Criteria for knowing a language

December 23, 2008 1 comment

What does it mean for somebody to claim to know a computer language? In the commercial world it means the person is claiming to be capable of fluently (i.e., only using knowledge contained in their head and without having to unduly ponder) reading, and writing code in some generally accepted style applicable to that language. The academic world generally sets a much lower standard of competence (perhaps because most of its inhabitants leave before any significant expertise is acquired). If I had a penny for every recent graduate who claimed to know a language and was incapable of writing a program that read in a list of integers and printed their sum (I know companies that set tougher problems, but they do not seem to have higher failure rates), I would be a rich man.

One experiment asked 21 postgraduate and academic staff which of the following individuals they would regard as knowing Java:

  • A cannot program in Java, but knows that Java is a popular programming language.
  • B cannot write a Java program from scratch, but can make very simple changes to an existing Java program (such as changing a string constant that specifies a URL).
  • C can use a tool such as JBuilder to write a very simple Java program, but cannot use control flow constructs such as while loops.
  • D can write Java programs that use while loops, arrays, and the Java class libraries, but only within one class; she cannot write a program that consists of several classes.
  • E can create complex Java programs and classes, but needs to occasionally refer to documentation for details of the Java language and class libraries
  • The results were:

    _ NO YES
    A 21  0
    B 18  3
    C 16  5
    D  8 13
    E  0 21

    These answers reflect the environment from which the subjects were drawn. When I wrote compilers for a living, I did not consider that anybody knew a language unless they had written a compiler for it, a point of view echoed by other compiler writers I knew.

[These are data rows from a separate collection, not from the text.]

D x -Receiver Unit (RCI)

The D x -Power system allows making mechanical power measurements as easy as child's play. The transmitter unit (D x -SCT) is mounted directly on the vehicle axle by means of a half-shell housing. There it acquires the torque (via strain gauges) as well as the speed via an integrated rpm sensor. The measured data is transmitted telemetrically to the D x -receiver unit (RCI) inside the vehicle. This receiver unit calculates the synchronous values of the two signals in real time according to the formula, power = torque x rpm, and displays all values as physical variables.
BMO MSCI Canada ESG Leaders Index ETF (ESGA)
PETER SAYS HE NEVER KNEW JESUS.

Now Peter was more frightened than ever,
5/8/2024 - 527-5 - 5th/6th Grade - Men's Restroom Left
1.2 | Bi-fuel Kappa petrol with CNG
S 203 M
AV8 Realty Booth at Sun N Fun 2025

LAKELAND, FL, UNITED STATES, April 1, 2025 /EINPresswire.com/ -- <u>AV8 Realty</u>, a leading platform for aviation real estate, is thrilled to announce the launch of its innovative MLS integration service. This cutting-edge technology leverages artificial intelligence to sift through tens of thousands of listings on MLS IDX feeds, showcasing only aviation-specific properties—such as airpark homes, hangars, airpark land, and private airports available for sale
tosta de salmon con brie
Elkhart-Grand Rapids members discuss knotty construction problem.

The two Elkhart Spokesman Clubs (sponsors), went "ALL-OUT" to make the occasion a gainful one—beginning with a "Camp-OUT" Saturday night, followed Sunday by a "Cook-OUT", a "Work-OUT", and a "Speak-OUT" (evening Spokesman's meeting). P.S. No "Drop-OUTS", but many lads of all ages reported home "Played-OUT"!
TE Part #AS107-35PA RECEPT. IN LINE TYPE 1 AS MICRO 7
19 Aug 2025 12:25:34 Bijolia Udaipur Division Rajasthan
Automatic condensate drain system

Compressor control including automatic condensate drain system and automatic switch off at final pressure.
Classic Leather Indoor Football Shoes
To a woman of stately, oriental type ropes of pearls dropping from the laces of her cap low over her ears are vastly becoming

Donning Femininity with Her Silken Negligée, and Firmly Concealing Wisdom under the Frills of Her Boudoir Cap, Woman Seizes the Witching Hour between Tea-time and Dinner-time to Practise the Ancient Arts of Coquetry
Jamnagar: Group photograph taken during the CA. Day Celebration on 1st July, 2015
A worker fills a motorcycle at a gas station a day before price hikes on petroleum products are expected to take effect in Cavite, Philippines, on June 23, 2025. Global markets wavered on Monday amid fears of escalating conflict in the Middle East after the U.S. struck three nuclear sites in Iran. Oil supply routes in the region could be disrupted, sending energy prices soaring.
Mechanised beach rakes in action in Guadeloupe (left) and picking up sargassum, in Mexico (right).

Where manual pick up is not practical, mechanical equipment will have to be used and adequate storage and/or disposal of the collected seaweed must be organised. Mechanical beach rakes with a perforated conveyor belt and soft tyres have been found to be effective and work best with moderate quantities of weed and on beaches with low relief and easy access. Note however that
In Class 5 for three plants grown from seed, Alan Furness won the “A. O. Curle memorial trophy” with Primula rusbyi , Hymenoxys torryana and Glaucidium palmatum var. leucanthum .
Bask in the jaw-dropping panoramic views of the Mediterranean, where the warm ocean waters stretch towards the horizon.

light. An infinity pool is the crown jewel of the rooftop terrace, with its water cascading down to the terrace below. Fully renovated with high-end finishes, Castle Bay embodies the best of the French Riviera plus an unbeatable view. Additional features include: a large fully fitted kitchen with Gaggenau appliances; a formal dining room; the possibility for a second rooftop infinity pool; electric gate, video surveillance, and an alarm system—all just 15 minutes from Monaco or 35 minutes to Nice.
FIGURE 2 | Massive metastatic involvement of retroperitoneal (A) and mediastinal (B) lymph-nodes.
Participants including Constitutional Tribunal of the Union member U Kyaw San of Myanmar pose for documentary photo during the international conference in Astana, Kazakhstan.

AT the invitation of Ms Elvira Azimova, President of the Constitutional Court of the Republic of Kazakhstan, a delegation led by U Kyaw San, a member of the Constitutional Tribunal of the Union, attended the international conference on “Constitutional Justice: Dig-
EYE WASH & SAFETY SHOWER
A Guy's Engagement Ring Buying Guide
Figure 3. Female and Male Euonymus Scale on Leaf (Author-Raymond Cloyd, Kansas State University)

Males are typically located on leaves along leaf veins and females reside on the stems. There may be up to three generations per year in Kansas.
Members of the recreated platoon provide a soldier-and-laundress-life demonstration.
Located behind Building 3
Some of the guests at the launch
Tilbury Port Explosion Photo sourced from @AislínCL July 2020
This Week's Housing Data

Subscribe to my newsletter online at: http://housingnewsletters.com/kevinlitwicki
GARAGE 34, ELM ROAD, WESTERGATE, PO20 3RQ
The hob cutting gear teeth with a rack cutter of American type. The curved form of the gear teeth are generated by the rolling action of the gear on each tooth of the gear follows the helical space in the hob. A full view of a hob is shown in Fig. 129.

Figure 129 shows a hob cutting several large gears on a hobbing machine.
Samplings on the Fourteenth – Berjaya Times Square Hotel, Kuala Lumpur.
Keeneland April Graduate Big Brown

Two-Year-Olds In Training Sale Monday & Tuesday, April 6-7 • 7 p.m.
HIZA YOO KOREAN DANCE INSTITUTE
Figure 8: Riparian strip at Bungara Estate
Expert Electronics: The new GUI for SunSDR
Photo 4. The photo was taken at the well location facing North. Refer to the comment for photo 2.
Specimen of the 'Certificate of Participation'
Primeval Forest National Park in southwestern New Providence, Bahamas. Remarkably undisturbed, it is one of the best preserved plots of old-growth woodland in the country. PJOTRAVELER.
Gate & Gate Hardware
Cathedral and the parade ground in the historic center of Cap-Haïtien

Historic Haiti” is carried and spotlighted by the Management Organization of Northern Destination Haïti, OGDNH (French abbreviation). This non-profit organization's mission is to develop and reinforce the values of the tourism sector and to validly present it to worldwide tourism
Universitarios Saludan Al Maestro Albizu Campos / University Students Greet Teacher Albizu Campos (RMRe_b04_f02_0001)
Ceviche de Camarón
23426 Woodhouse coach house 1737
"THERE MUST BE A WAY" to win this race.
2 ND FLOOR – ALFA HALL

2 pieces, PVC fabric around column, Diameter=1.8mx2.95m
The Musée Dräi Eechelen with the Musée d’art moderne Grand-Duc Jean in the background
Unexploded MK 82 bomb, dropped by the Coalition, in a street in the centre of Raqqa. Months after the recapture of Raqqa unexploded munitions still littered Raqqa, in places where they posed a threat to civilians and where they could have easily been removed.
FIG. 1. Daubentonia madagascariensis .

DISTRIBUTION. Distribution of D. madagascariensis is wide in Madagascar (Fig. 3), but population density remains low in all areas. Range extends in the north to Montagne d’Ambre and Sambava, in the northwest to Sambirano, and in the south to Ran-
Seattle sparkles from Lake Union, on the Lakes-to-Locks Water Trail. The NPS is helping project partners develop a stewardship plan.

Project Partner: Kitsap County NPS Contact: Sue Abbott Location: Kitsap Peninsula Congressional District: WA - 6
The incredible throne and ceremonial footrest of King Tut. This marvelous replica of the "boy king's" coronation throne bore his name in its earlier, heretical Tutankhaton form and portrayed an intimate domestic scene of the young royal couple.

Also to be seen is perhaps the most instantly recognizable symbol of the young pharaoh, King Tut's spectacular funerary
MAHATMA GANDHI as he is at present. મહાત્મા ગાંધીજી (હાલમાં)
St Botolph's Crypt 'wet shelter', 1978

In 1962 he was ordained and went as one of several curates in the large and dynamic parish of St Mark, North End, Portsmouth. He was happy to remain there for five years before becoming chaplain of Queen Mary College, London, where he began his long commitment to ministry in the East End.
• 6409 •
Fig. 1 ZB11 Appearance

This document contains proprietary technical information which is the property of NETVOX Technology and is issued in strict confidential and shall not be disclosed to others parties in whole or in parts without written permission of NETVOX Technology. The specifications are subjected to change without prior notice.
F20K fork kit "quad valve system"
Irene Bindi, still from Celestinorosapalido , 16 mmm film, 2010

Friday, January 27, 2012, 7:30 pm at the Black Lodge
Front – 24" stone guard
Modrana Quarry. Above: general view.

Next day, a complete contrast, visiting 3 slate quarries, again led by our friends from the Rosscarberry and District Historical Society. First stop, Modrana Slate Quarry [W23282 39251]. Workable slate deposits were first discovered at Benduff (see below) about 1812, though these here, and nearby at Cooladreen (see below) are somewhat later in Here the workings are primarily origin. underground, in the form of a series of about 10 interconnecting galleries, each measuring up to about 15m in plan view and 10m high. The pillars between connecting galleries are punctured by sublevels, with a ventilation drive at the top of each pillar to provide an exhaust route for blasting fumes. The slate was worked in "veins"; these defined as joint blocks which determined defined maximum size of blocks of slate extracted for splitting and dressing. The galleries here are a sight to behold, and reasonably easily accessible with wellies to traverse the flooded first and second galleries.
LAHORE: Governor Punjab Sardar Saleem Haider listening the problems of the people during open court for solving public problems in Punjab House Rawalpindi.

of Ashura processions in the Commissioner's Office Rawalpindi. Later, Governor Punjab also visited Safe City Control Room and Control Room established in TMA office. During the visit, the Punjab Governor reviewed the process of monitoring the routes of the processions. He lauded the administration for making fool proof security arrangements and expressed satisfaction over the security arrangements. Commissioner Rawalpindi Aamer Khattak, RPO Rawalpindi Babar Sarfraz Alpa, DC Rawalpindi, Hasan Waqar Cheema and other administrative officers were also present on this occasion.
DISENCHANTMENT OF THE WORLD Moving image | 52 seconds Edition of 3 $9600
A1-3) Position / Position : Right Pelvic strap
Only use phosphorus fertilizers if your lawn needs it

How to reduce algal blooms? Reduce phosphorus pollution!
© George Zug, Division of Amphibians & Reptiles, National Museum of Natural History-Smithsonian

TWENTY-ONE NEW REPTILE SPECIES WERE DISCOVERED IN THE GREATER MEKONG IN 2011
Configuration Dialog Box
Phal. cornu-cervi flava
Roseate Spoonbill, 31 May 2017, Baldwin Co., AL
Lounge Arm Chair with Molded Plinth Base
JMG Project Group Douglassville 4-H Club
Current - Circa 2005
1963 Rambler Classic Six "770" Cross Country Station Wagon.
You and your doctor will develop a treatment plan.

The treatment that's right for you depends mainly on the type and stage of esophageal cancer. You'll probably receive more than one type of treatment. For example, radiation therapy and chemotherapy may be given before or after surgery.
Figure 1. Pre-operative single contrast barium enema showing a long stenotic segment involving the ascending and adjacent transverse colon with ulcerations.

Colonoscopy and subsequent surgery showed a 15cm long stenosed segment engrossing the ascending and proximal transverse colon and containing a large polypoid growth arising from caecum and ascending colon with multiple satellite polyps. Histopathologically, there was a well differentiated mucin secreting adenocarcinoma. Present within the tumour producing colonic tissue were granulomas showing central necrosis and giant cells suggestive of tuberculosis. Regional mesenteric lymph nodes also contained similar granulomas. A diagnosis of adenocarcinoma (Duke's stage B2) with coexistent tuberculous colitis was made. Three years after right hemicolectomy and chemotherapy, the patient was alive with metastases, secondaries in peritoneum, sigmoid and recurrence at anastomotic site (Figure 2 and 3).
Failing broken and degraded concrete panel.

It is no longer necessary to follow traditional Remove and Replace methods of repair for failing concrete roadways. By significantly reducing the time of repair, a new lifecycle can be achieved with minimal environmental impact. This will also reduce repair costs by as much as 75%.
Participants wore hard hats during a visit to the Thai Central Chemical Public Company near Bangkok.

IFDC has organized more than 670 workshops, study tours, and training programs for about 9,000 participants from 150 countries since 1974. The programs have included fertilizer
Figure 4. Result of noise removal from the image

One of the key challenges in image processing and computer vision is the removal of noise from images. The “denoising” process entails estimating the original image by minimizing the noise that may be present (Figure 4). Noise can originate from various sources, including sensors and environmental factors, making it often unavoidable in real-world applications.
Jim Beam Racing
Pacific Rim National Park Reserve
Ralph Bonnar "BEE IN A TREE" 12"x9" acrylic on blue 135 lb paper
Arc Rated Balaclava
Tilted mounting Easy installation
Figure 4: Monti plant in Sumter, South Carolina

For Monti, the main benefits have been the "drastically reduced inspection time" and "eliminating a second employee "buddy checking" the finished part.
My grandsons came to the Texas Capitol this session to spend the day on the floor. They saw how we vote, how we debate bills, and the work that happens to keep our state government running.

    I’m not sure that commercial developers would be happy with answer (E), in fact they could probably expand (E) into five separate questions that tested the degree to which a person was able to combine various elements of the language to create a meaningful whole. In the commercial world, stage (E) is where people are expected to start.

    The criteria used to decide whether somebody knows a language depends on which group of people you talk to; academics, professional developers and compiler writers each have their own in-group standards. In a sense the question is irrelevant, a small amount of language knowledge applied well can be used to do a reasonable job of creating a program for most applications.